Git Safety & Sandboxing

Codex takes a sandbox-first approach to safety. Every command execution runs inside an OS-native sandbox that restricts filesystem access and network calls. On macOS, this uses Apple's Seatbelt (sandbox-exec). On Linux, it uses Bubblewrap (bwrap). The sandbox ensures that even in full-auto mode, Codex cannot write outside your project directory or make arbitrary network requests.

# Allow specific commands to bypass sandbox restrictions
[execpolicy]
# Allow npm install with network access
"npm install" = "allow-network"
# Allow git operations
"git *" = "allow-network"

The workspace-write mode controls which directories Codex can modify. By default, Codex can only write to the current working directory and its children. This prevents accidental modifications to system files or other projects. Approval policies layer on top of sandboxing — in suggest mode, you see every change before it is applied, even within the allowed write scope.

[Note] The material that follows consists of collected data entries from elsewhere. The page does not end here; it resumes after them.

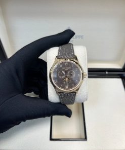 The warm glow of rose gold is elegantly combined with a brown dial enhanced by a double vertically and horizontally satin-brushed finish reminiscent of shantung silk fabrics. The brown calfskin strap with denim pattern and contrasting cream stitching is fitted with a rose gold prong buckle.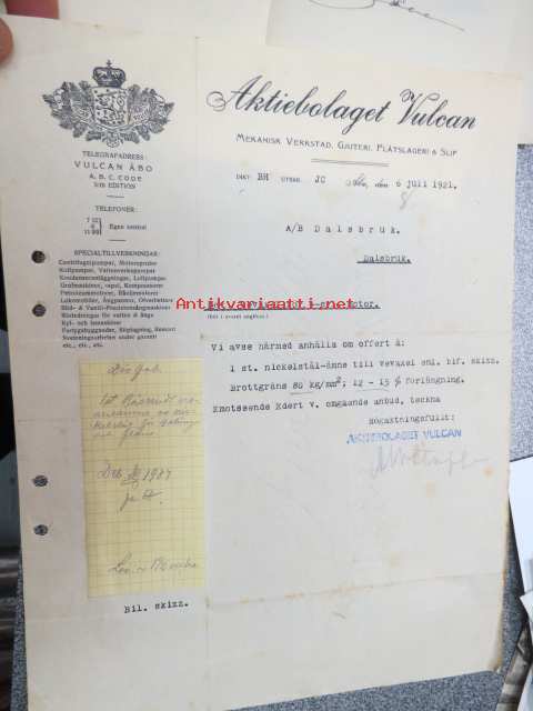 Aktiebolag Vulcan, Turku / Åbo 6.6.1921 -asiakirja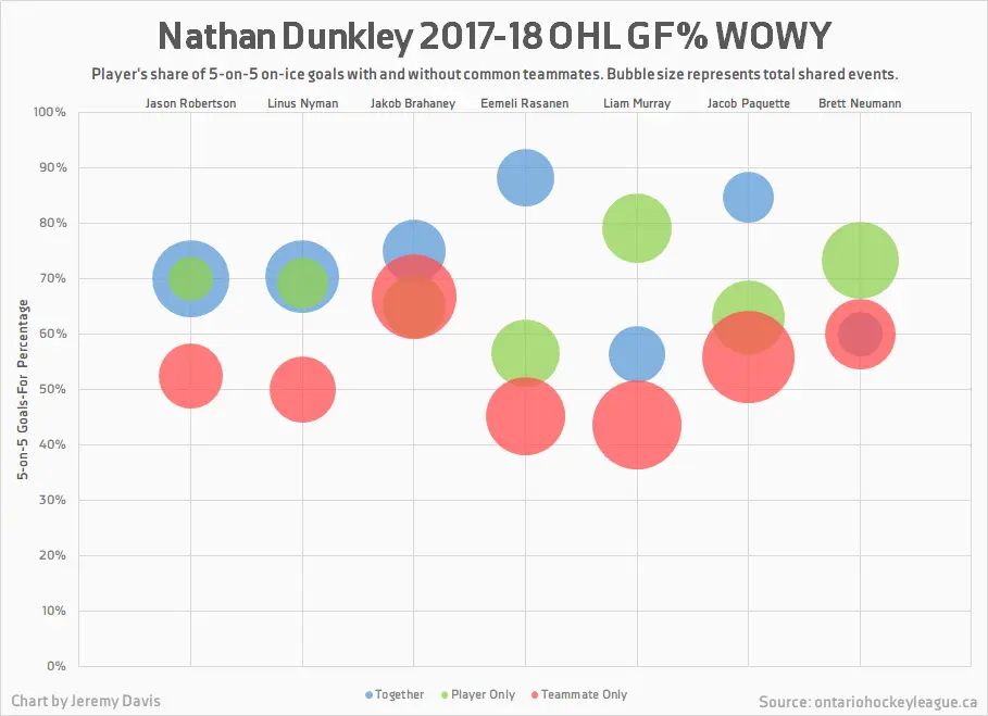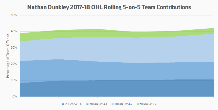 Not only are the Frontenacs scoring a lot of goals (and not allowing many) when Dunkley is on the ice, he’s factoring in on a huge percentage of them. He has a point on 32% of the the 5-on-5 goals scored by Kingston thus far, and a primary point on 19% of them, as well as collecting a point on 89% of the goals that he’s been on the ice for. Held over a full season, those would be elite numbers.

Compared to Claude Code, which relies on a permission-grant system (you approve tool categories like Bash, file writes, etc. per session), Codex uses a more structured sandbox + execpolicy model. Both approaches achieve the same goal — controlled autonomy — but Codex's sandbox is more restrictive by default, which is a reasonable tradeoff for the open-source model where users may be less familiar with the tool's behavior.